Segment Start: Exercise materials

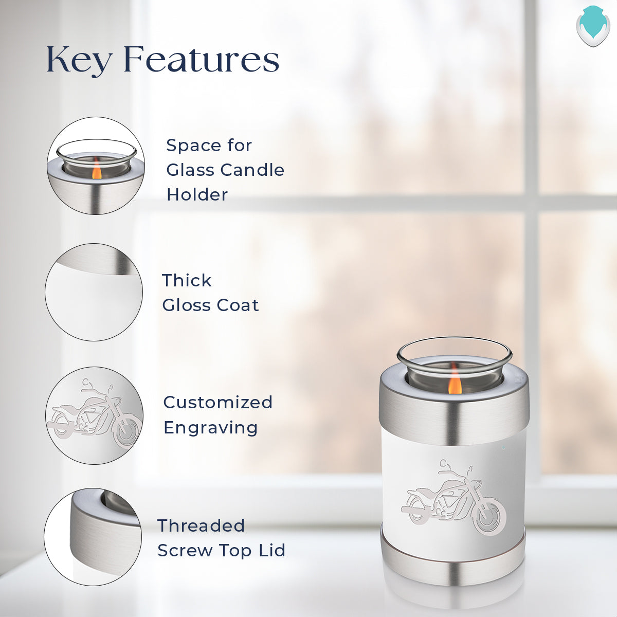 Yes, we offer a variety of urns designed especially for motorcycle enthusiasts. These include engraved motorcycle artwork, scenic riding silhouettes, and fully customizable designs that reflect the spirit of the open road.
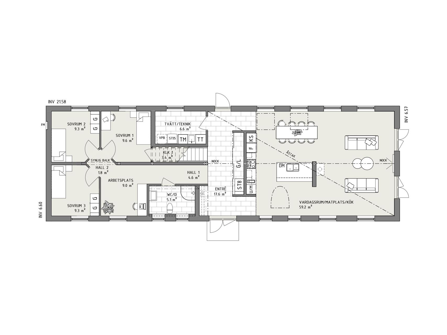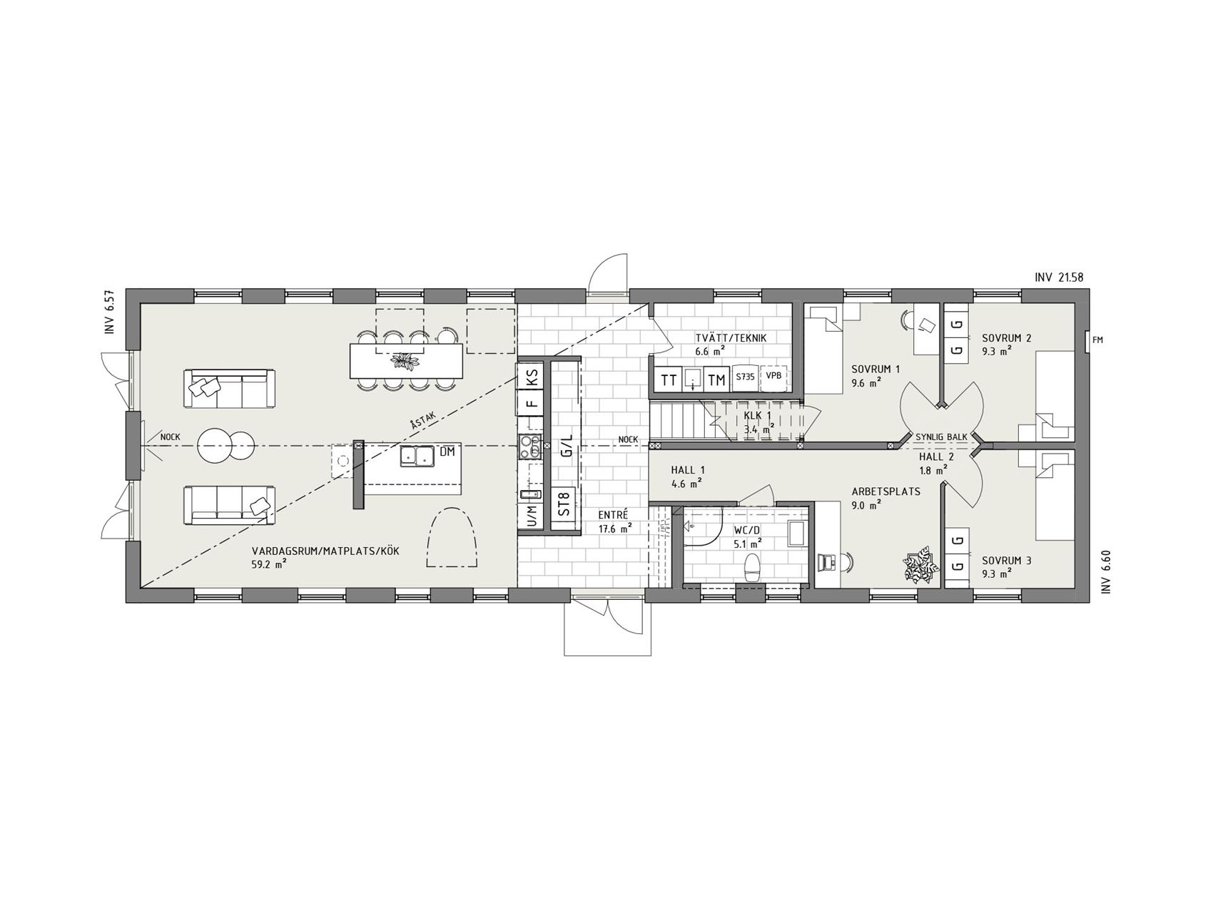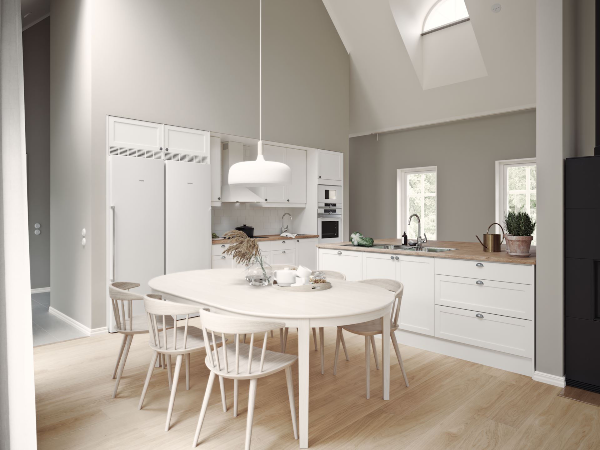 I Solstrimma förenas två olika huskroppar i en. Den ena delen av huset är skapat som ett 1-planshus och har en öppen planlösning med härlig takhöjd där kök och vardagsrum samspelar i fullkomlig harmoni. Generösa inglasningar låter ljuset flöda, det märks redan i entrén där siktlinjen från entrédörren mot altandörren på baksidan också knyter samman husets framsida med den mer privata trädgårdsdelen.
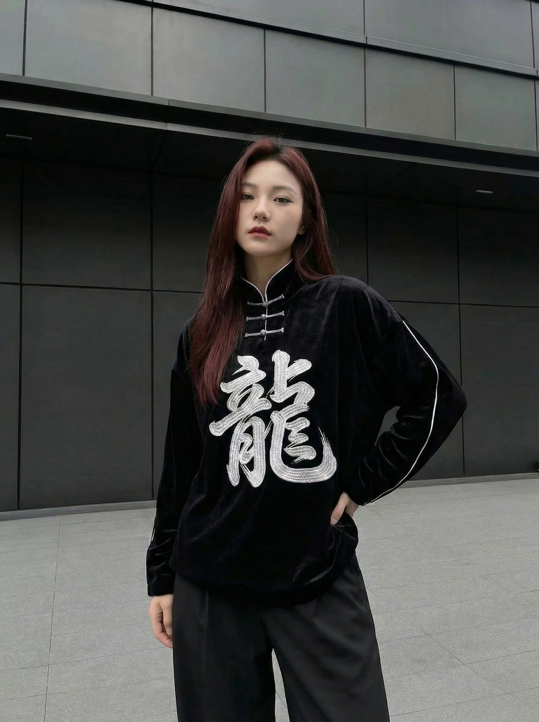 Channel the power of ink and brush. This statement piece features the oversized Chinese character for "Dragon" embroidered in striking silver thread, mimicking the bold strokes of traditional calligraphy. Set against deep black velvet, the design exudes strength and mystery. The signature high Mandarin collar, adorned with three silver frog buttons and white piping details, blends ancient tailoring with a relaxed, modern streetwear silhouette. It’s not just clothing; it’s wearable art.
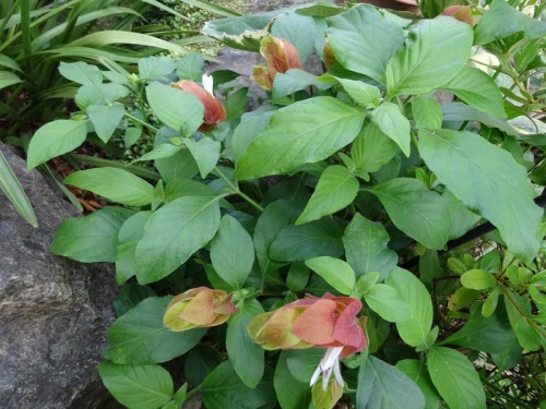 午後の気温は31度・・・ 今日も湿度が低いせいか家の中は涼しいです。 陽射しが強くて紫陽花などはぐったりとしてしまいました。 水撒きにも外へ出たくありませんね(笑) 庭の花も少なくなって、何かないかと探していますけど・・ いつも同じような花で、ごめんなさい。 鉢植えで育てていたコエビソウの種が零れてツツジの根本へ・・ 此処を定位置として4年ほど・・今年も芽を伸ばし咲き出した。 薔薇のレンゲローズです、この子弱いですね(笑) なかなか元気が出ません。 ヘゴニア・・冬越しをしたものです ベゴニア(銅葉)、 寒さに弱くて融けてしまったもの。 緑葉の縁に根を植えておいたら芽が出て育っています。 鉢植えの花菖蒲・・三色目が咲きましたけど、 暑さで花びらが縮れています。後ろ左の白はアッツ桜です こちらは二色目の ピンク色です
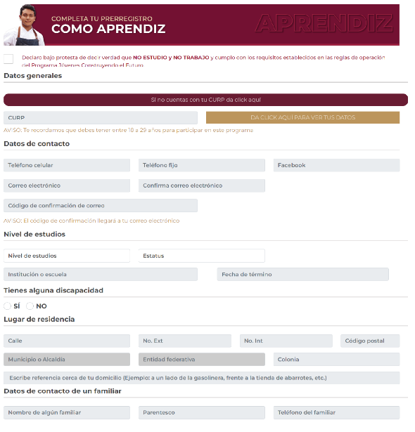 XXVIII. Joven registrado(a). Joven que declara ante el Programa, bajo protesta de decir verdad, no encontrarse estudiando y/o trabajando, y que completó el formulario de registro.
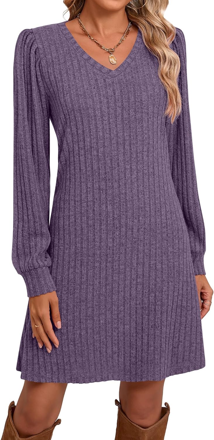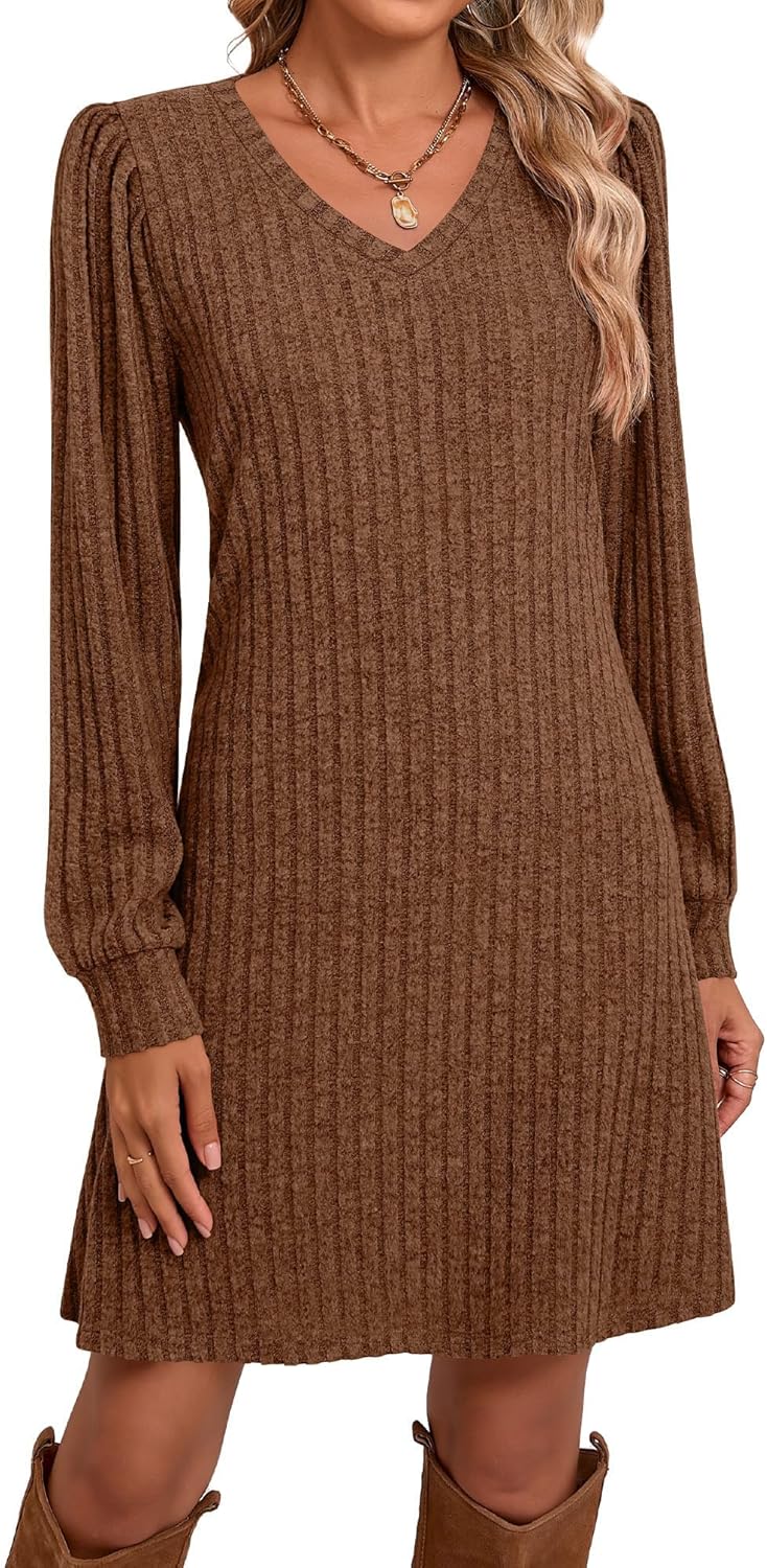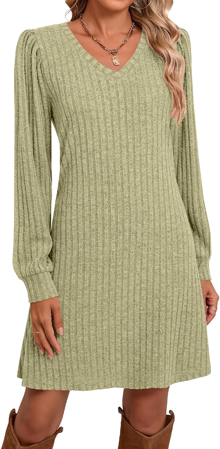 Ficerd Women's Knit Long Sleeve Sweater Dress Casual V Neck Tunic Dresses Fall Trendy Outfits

Segment End: Exercise materials

• Problem statement
Transcribe the records verbatim, excluding pictures.

• Solution
 Yes, we offer a variety of urns designed especially for motorcycle enthusiasts. These include engraved motorcycle artwork, scenic riding silhouettes, and fully customizable designs that reflect the spirit of the open road.
 I Solstrimma förenas två olika huskroppar i en. Den ena delen av huset är skapat som ett 1-planshus och har en öppen planlösning med härlig takhöjd där kök och vardagsrum samspelar i fullkomlig harmoni. Generösa inglasningar låter ljuset flöda, det märks redan i entrén där siktlinjen från entrédörren mot altandörren på baksidan också knyter samman husets framsida med den mer privata trädgårdsdelen.
 Channel the power of ink and brush. This statement piece features the oversized Chinese character for "Dragon" embroidered in striking silver thread, mimicking the bold strokes of traditional calligraphy. Set against deep black velvet, the design exudes strength and mystery. The signature high Mandarin collar, adorned with three silver frog buttons and white piping details, blends ancient tailoring with a relaxed, modern streetwear silhouette. It’s not just clothing; it’s wearable art.
 午後の気温は31度・・・ 今日も湿度が低いせいか家の中は涼しいです。 陽射しが強くて紫陽花などはぐったりとしてしまいました。 水撒きにも外へ出たくありませんね(笑) 庭の花も少なくなって、何かないかと探していますけど・・ いつも同じような花で、ごめんなさい。 鉢植えで育てていたコエビソウの種が零れてツツジの根本へ・・ 此処を定位置として4年ほど・・今年も芽を伸ばし咲き出した。 薔薇のレンゲローズです、この子弱いですね(笑) なかなか元気が出ません。 ヘゴニア・・冬越しをしたものです ベゴニア(銅葉)、 寒さに弱くて融けてしまったもの。 緑葉の縁に根を植えておいたら芽が出て育っています。 鉢植えの花菖蒲・・三色目が咲きましたけど、 暑さで花びらが縮れています。後ろ左の白はアッツ桜です こちらは二色目の ピンク色です
 XXVIII. Joven registrado(a). Joven que declara ante el Programa, bajo protesta de decir verdad, no encontrarse estudiando y/o trabajando, y que completó el formulario de registro.
 Ficerd Women's Knit Long Sleeve Sweater Dress Casual V Neck Tunic Dresses Fall Trendy Outfits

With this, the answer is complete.